Work request: Go to the line with "The fuel tank." in the entries below and write out every line from there through the line with "This elegant iris", exactly and without pictures.

Saved entries:
BEGIN
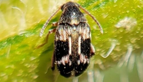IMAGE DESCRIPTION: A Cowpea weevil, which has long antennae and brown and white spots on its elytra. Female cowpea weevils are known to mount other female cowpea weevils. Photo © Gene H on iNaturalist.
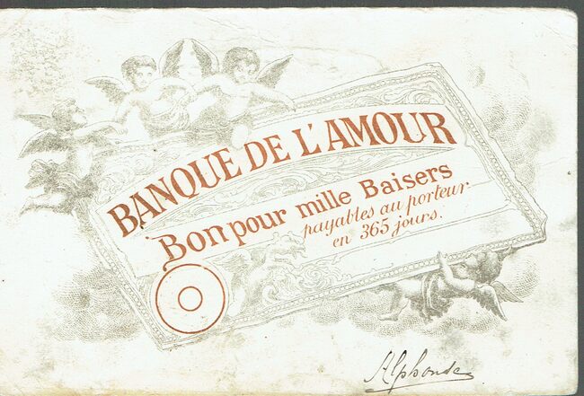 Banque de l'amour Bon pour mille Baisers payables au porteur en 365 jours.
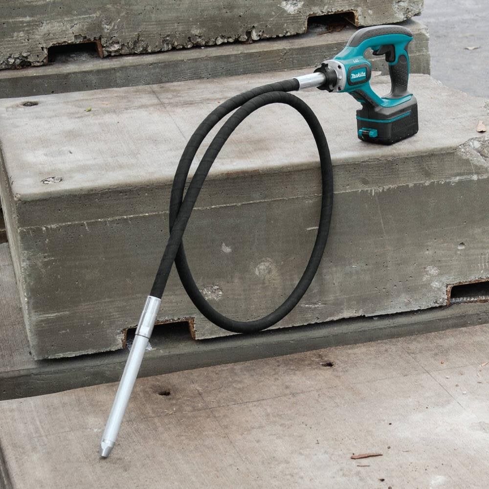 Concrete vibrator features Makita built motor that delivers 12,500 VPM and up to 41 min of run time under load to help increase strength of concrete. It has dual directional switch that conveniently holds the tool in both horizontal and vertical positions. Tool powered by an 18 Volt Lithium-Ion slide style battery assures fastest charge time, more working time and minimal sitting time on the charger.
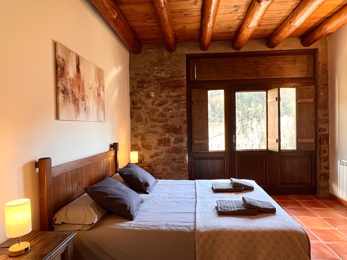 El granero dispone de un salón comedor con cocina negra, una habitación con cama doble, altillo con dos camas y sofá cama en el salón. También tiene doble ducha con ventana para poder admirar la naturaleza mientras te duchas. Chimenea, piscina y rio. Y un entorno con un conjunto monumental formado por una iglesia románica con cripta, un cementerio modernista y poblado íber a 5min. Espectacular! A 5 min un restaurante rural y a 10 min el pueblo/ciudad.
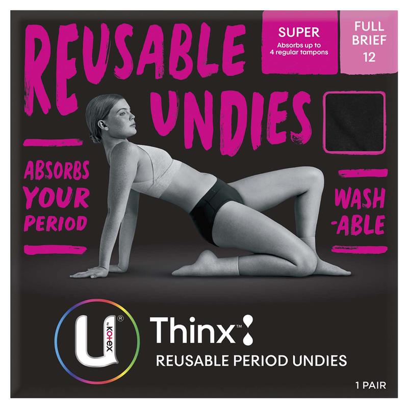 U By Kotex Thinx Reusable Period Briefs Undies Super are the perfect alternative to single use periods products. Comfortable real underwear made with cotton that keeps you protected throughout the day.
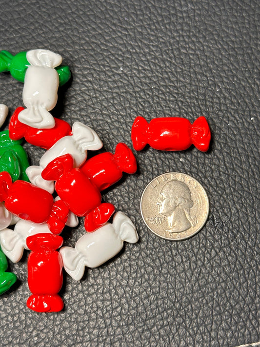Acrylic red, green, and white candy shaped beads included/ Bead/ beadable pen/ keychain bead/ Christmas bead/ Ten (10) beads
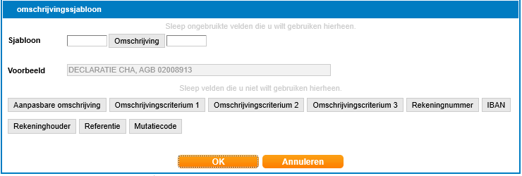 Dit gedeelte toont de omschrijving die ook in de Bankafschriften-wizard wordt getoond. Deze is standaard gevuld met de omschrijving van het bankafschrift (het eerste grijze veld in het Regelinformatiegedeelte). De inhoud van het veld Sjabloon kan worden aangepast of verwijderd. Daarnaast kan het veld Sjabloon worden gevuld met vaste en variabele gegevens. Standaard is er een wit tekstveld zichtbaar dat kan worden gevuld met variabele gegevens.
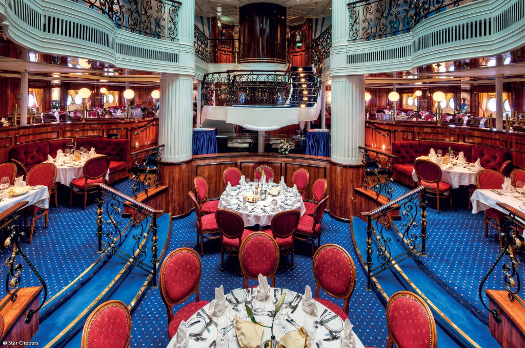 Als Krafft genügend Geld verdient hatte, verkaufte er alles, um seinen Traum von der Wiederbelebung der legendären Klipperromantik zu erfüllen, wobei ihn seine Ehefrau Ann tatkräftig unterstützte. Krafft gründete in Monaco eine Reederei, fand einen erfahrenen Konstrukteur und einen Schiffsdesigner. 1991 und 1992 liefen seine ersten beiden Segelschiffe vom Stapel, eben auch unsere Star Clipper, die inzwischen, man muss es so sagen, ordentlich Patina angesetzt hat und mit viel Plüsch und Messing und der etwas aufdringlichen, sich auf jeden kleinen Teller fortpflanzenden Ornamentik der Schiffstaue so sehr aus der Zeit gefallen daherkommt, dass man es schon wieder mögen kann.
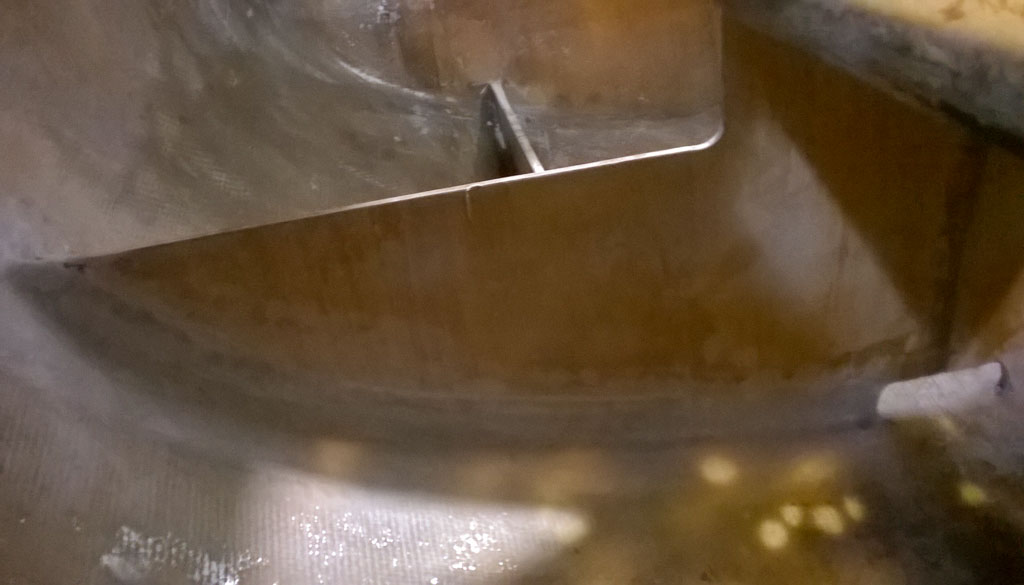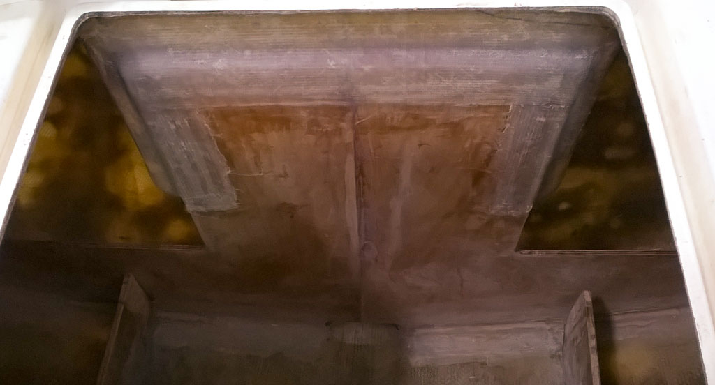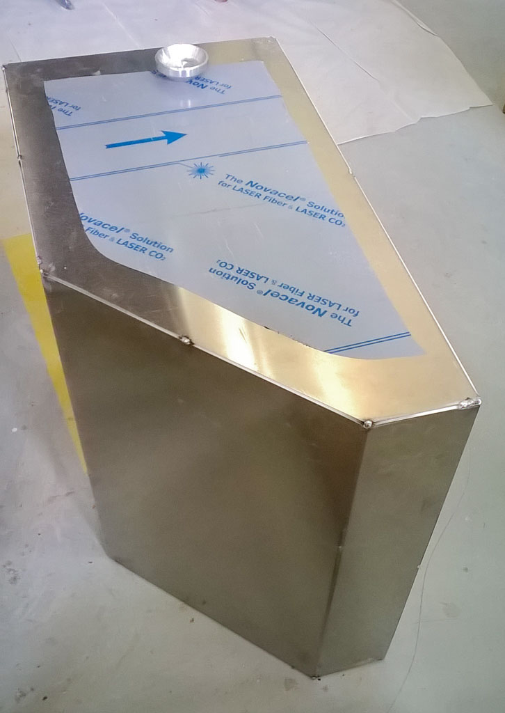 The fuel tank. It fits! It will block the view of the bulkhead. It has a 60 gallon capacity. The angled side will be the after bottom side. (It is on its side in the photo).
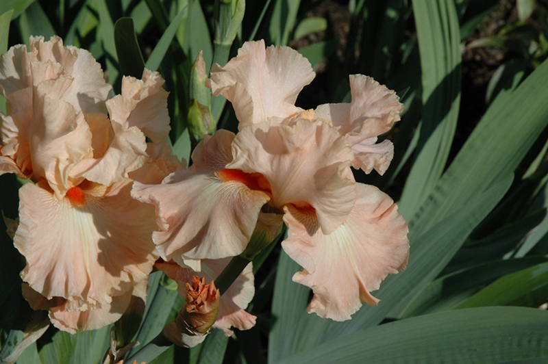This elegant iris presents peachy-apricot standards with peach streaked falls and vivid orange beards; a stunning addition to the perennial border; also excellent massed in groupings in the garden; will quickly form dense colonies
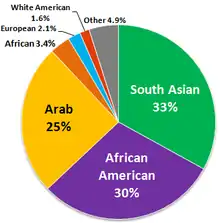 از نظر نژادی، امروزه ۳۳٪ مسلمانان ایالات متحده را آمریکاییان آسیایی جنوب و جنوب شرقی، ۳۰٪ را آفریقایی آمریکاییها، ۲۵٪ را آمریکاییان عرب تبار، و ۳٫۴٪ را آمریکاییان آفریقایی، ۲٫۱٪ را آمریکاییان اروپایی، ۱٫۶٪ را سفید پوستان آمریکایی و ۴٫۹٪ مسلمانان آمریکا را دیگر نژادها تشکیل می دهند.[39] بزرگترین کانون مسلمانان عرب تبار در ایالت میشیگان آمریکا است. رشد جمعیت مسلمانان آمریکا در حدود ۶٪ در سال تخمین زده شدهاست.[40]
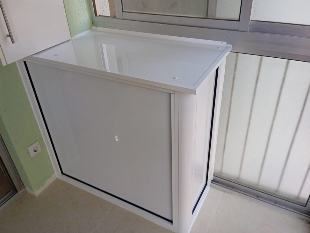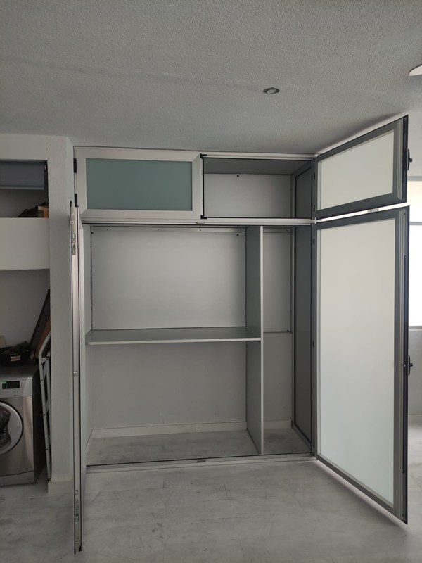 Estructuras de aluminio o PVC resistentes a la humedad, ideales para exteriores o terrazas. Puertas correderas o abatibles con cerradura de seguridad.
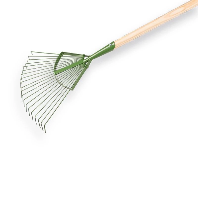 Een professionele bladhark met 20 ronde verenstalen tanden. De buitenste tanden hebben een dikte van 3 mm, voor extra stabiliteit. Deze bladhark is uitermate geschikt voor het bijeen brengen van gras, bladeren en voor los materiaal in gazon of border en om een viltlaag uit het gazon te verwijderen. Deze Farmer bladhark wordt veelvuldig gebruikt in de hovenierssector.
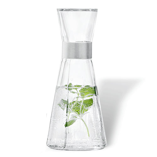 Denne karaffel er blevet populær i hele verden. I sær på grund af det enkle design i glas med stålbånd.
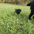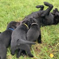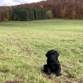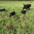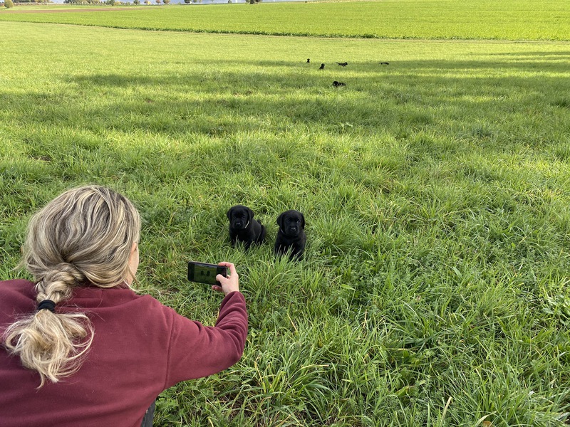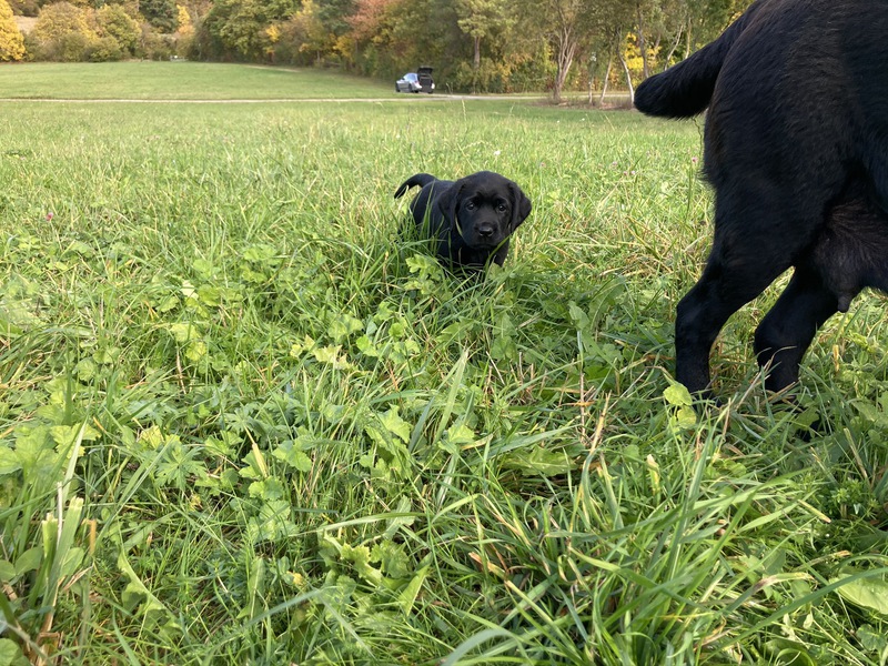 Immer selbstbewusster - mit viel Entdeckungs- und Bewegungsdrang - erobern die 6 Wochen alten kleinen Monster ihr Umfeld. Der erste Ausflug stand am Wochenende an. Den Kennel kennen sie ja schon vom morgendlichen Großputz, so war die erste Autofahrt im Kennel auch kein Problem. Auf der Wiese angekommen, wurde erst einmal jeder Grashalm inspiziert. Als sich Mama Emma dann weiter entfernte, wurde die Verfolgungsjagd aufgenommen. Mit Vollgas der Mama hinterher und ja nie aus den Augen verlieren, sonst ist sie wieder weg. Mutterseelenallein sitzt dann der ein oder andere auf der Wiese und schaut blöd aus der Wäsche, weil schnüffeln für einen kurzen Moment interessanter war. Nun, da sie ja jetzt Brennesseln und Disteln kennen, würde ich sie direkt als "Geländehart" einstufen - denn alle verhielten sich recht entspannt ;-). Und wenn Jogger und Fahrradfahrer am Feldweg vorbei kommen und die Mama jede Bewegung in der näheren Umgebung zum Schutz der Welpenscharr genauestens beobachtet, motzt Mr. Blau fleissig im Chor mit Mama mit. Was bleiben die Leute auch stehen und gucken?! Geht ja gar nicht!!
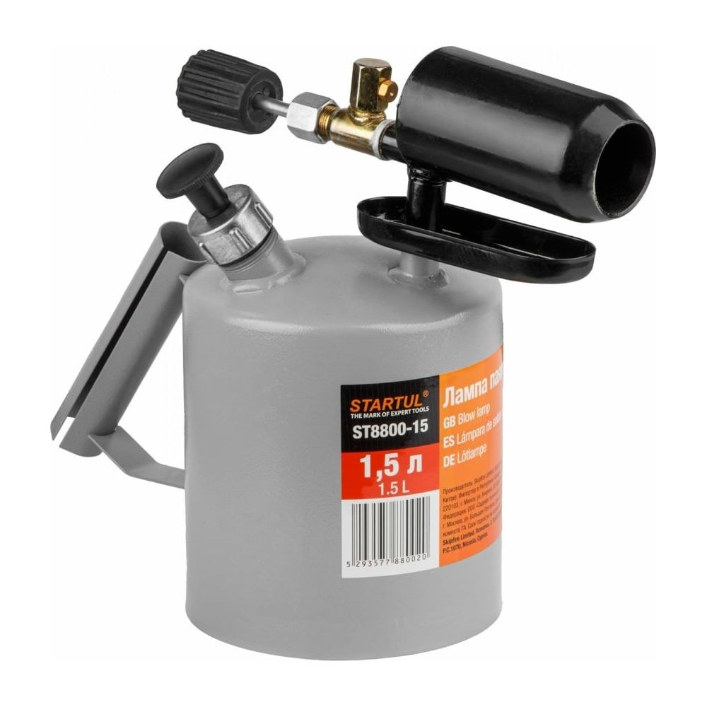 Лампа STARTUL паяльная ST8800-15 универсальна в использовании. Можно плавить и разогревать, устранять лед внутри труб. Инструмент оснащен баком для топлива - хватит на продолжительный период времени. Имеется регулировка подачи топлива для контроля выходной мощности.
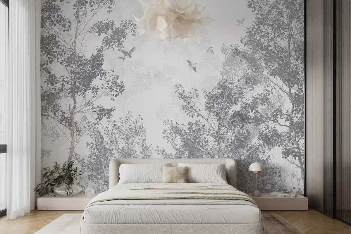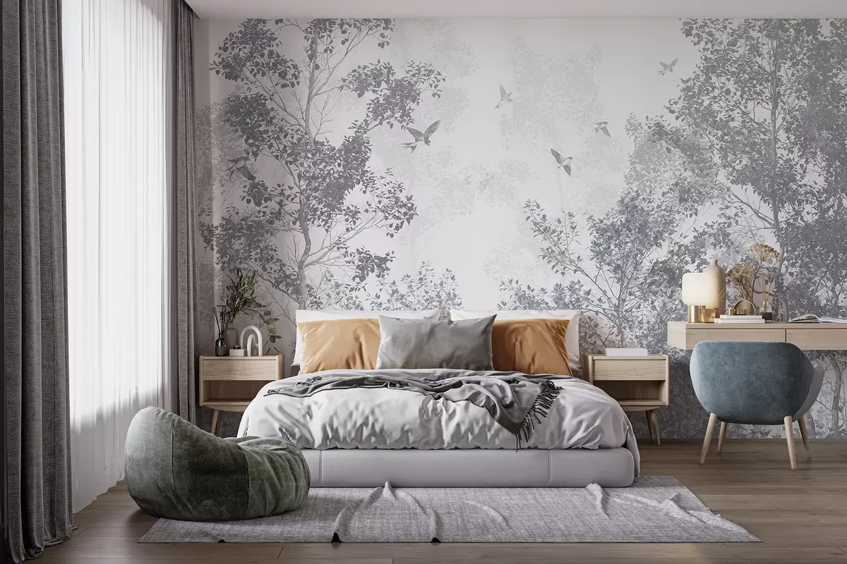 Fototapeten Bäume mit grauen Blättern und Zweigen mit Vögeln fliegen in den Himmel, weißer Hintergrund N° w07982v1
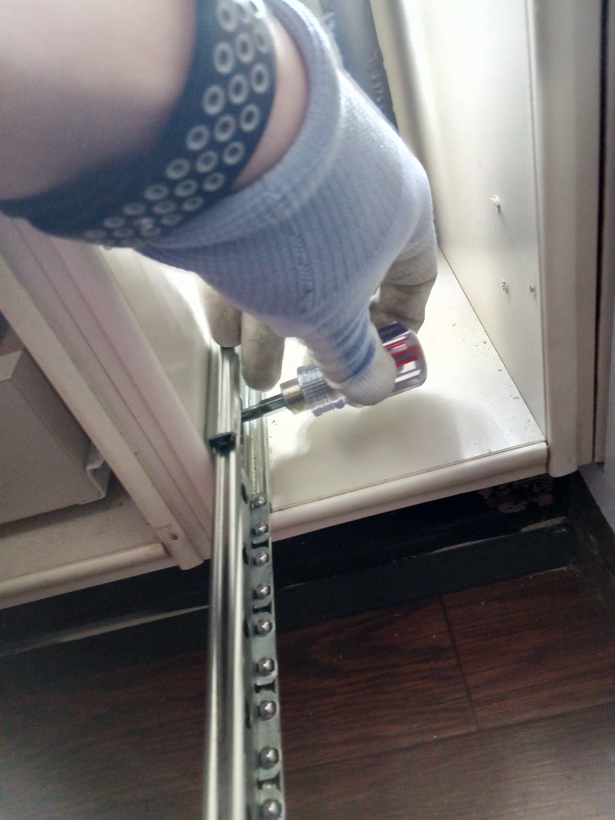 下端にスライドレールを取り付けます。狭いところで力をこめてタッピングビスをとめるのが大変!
END
Solution for this problem:
 The fuel tank. It fits! It will block the view of the bulkhead. It has a 60 gallon capacity. The angled side will be the after bottom side. (It is on its side in the photo).
This elegant iris presents peachy-apricot standards with peach streaked falls and vivid orange beards; a stunning addition to the perennial border; also excellent massed in groupings in the garden; will quickly form dense colonies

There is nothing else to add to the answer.